PROBLEM TO WORK ON
The exercise calls for exact output of the lines between the one that contains "- Exclude Rules: Prevent" and the end of the data, with both ends kept and pictures left out.

PROVIDED MATERIAL
BEGIN
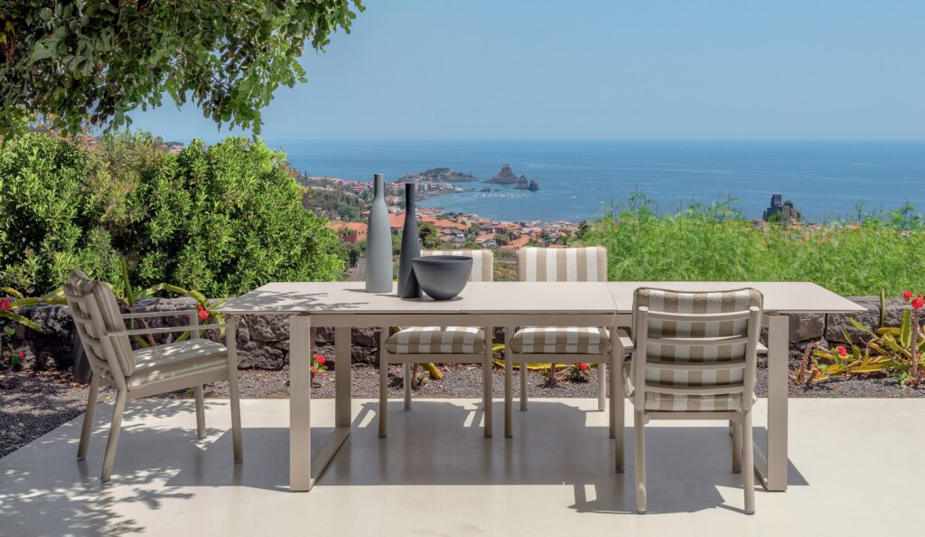 Il tavolo Finn completa la collezione con un segno deciso e architettonico: base a slitta in alluminio, resistente alle intemperie e facile da mantenere.
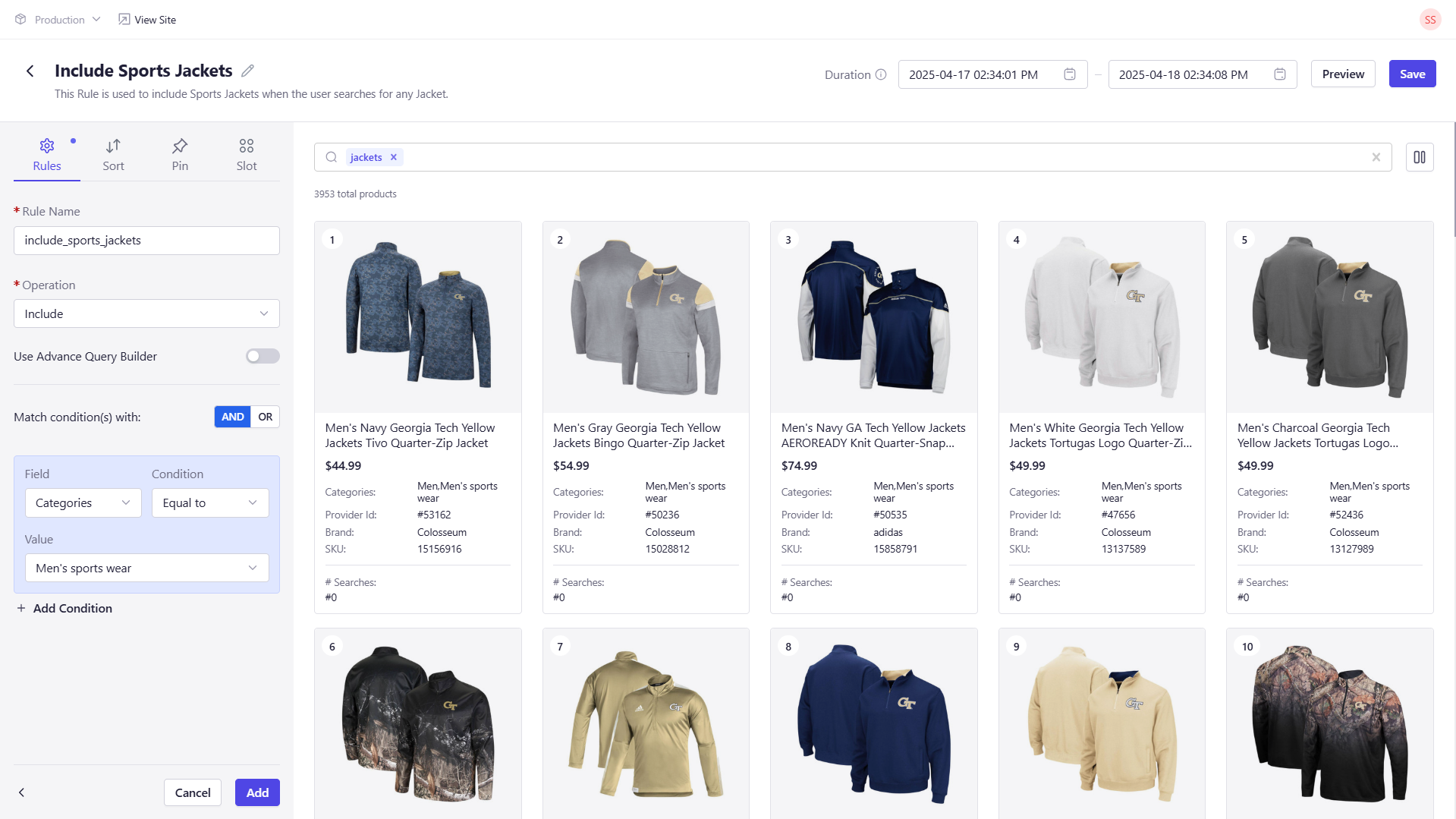 - Exclude Rules: Prevent certain products from appearing in search results, such as items that are discontinued or out of stock.
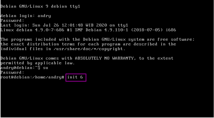 25. “init 6” fungsinya adalah Untuk memulai mesin virtual
END
WRITTEN SOLUTION
 - Exclude Rules: Prevent certain products from appearing in search results, such as items that are discontinued or out of stock.
 25. “init 6” fungsinya adalah Untuk memulai mesin virtual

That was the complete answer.